─── DATASET EXCERPT
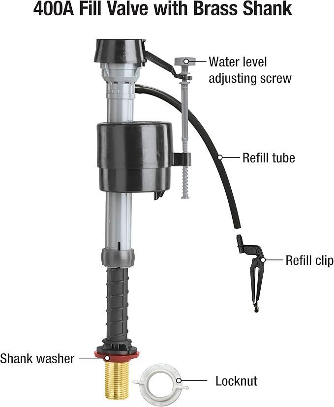 - Fluidmaster's proven fill valve design now more durable with a heavy-duty brass shank
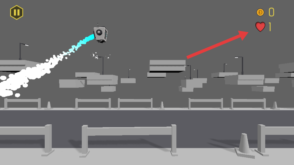 2、操控飛行器前進(jìn),關(guān)注右上角生命值,心形圖標(biāo),躲避沿途灰色障礙物,保持飛行安全。
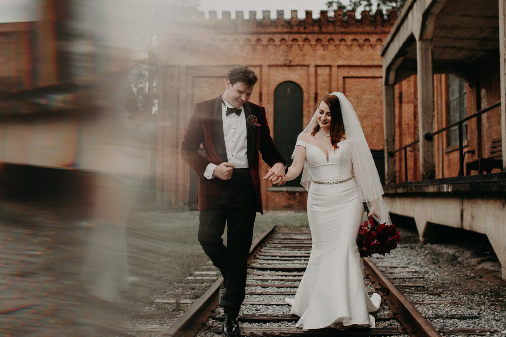 Their wedding at the Georgia Railroad Museum stood out for its unconventional venue choice and relaxed approach to tradition. Located in the heart of Savannah, the museum offered an open-air setting filled with historic railcars, brick pathways, and industrial details. From the beginning, the day felt creative, personal, and intentionally different.
──────
■ YOUR ASSIGNMENT
Retype the whole listing, keeping every line identical and omitting all pictures.

■ RESPONSE BELOW
 - Fluidmaster's proven fill valve design now more durable with a heavy-duty brass shank
 2、操控飛行器前進(jìn),關(guān)注右上角生命值,心形圖標(biāo),躲避沿途灰色障礙物,保持飛行安全。
 Their wedding at the Georgia Railroad Museum stood out for its unconventional venue choice and relaxed approach to tradition. Located in the heart of Savannah, the museum offered an open-air setting filled with historic railcars, brick pathways, and industrial details. From the beginning, the day felt creative, personal, and intentionally different.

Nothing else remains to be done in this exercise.